* What is needed *
Keep the pictures out and restate every record exactly.

* Source data *
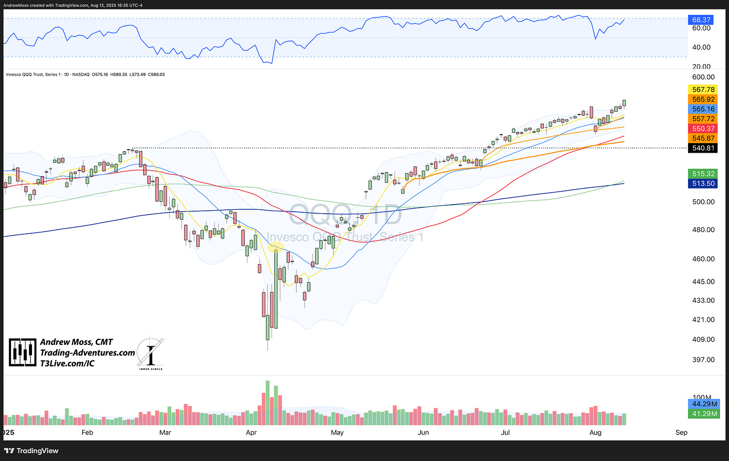 QQQ with another new closing high after regrouping a bit yesterday. RSI at 68, volume is about average, and the Bollinger Bands and moving averages are all rising.
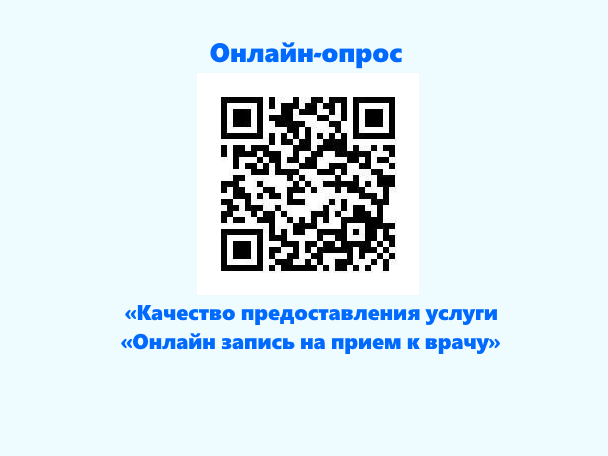 Пройти онлайн-опрос «Качество предоставления услуги «Онлайн запись на прием к врачу» можно также посредством QR-кода.
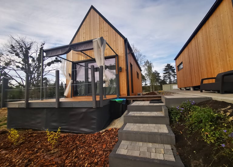 Wybraliśmy nowoczesną formę i butikowy styl, tak byście mogli poczuć się komfortowo niczym w pokoju hotelowym, a jednocześnie w spokoju obcować z naturą.
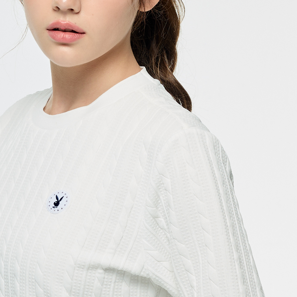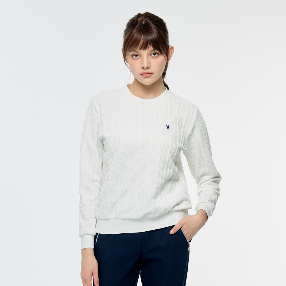 【PLAYBOY GOLF】女款立體夾棉高爾夫長袖圓領上衣-白 / KA25231-87
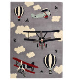 Our Aircraft in Light Gray Sky Hand-Tufted Wool Rug features a playful design and soft texture, adding whimsy and warmth to kids? rooms or creative spaces.
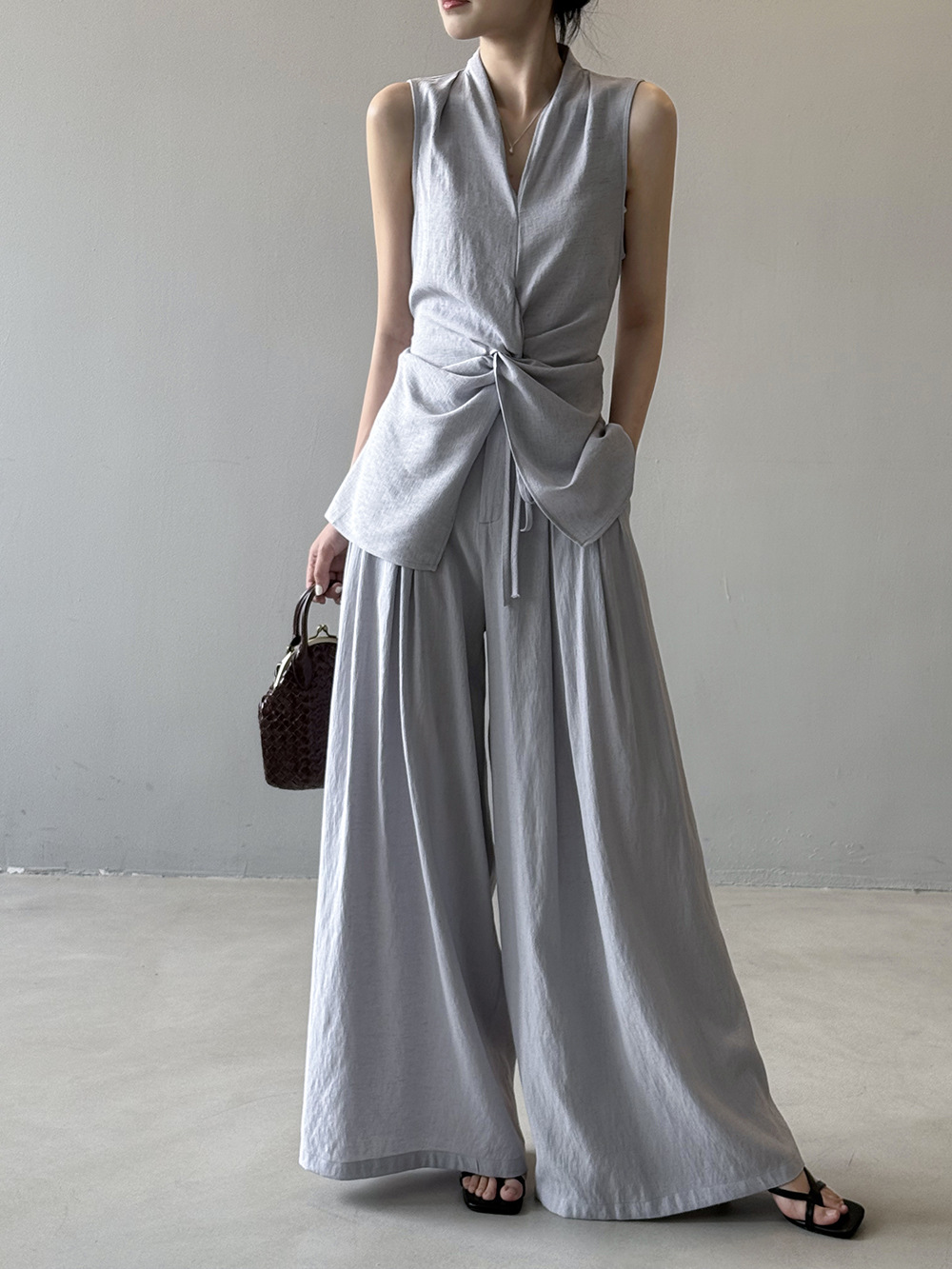 裾のスリットが動きやすさと抜け感のあるスタイリングを演出
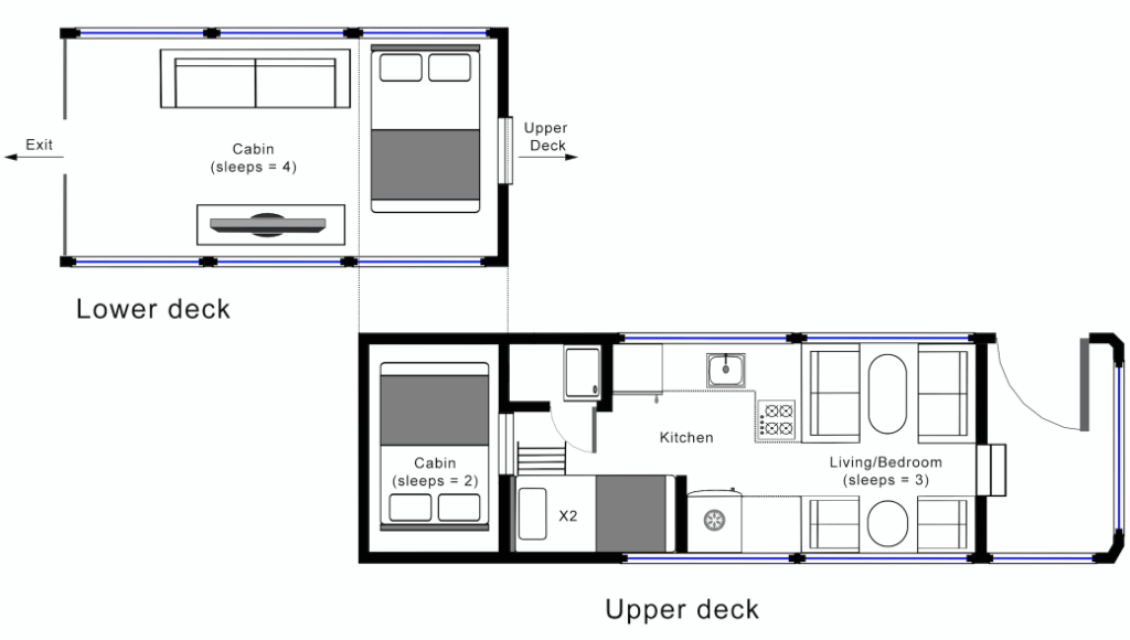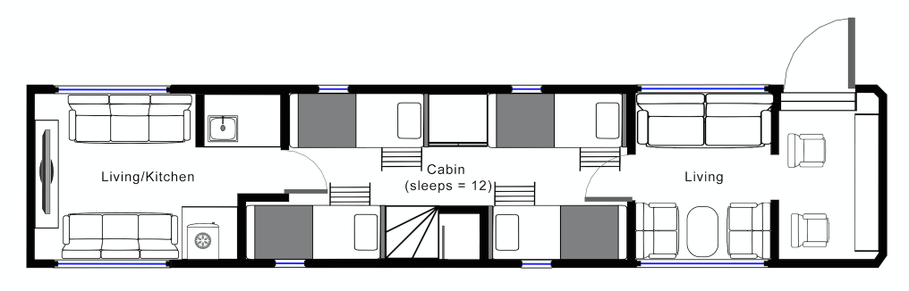 This Retro bus has a vintage chic main cabin with 2x Double Beds and 2x Single beds
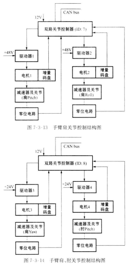 手臂各關(guān)節(jié)控制電路采用分布式控制系統(tǒng),各關(guān)節(jié)控制器(主 MCU 是 TMS320LF2407)由CAN 總線相連(CAN2.0-A 版本)?刂浦芷跒5m (即上位機(jī) 與 所 有 關(guān) 節(jié) 控 制 器 通 信 一 遍 , 再 加 一 定 裕 度 后 的 時(shí) 間 ) 。 各 關(guān) 節(jié) 控 制 電 路 結(jié) 構(gòu) 如 圖7 - 3 - 13、圖7 - 3 - 14及圖7 - 3 - 15所示。
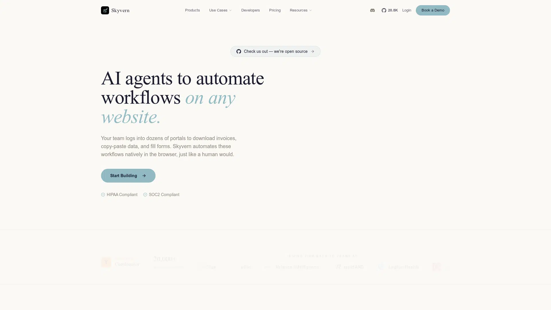 Skyvern is an AI agent platform that automates complex browser-based workflows using LLMs and computer vision. It handles tasks like data extraction, form filling, and document processing, adapting to UI changes and bypassing CAPTCHAs and 2FA. Designed for developers and operations teams, it offers both cloud and on-premise deployment options.
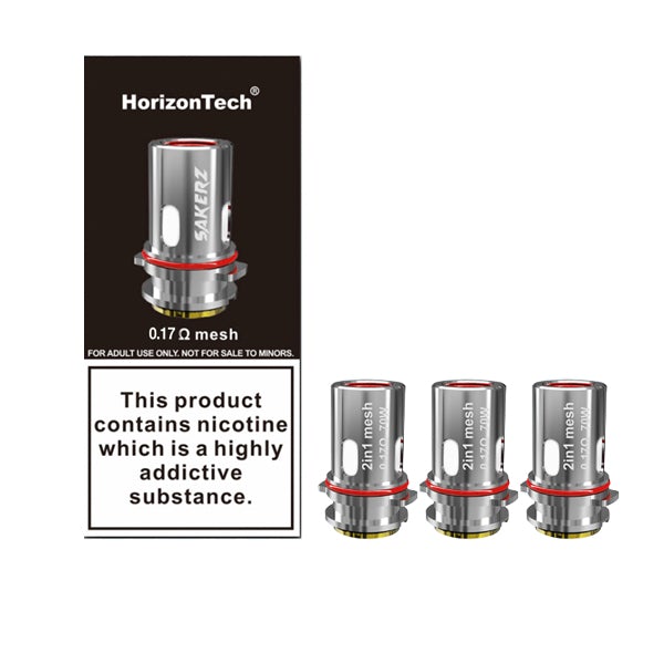 '- Horizon Sakerz 2in1 Mesh Coils- Resistance: 0.17Ohms- Power: 70W- Pack of 3

* Response box *
 QQQ with another new closing high after regrouping a bit yesterday. RSI at 68, volume is about average, and the Bollinger Bands and moving averages are all rising.
 Пройти онлайн-опрос «Качество предоставления услуги «Онлайн запись на прием к врачу» можно также посредством QR-кода.
 Wybraliśmy nowoczesną formę i butikowy styl, tak byście mogli poczuć się komfortowo niczym w pokoju hotelowym, a jednocześnie w spokoju obcować z naturą.
 【PLAYBOY GOLF】女款立體夾棉高爾夫長袖圓領上衣-白 / KA25231-87
 Our Aircraft in Light Gray Sky Hand-Tufted Wool Rug features a playful design and soft texture, adding whimsy and warmth to kids? rooms or creative spaces.
 裾のスリットが動きやすさと抜け感のあるスタイリングを演出
 This Retro bus has a vintage chic main cabin with 2x Double Beds and 2x Single beds
 手臂各關(guān)節(jié)控制電路采用分布式控制系統(tǒng),各關(guān)節(jié)控制器(主 MCU 是 TMS320LF2407)由CAN 總線相連(CAN2.0-A 版本)?刂浦芷跒5m (即上位機(jī) 與 所 有 關(guān) 節(jié) 控 制 器 通 信 一 遍 , 再 加 一 定 裕 度 后 的 時(shí) 間 ) 。 各 關(guān) 節(jié) 控 制 電 路 結(jié) 構(gòu) 如 圖7 - 3 - 13、圖7 - 3 - 14及圖7 - 3 - 15所示。
 Skyvern is an AI agent platform that automates complex browser-based workflows using LLMs and computer vision. It handles tasks like data extraction, form filling, and document processing, adapting to UI changes and bypassing CAPTCHAs and 2FA. Designed for developers and operations teams, it offers both cloud and on-premise deployment options.
 '- Horizon Sakerz 2in1 Mesh Coils- Resistance: 0.17Ohms- Power: 70W- Pack of 3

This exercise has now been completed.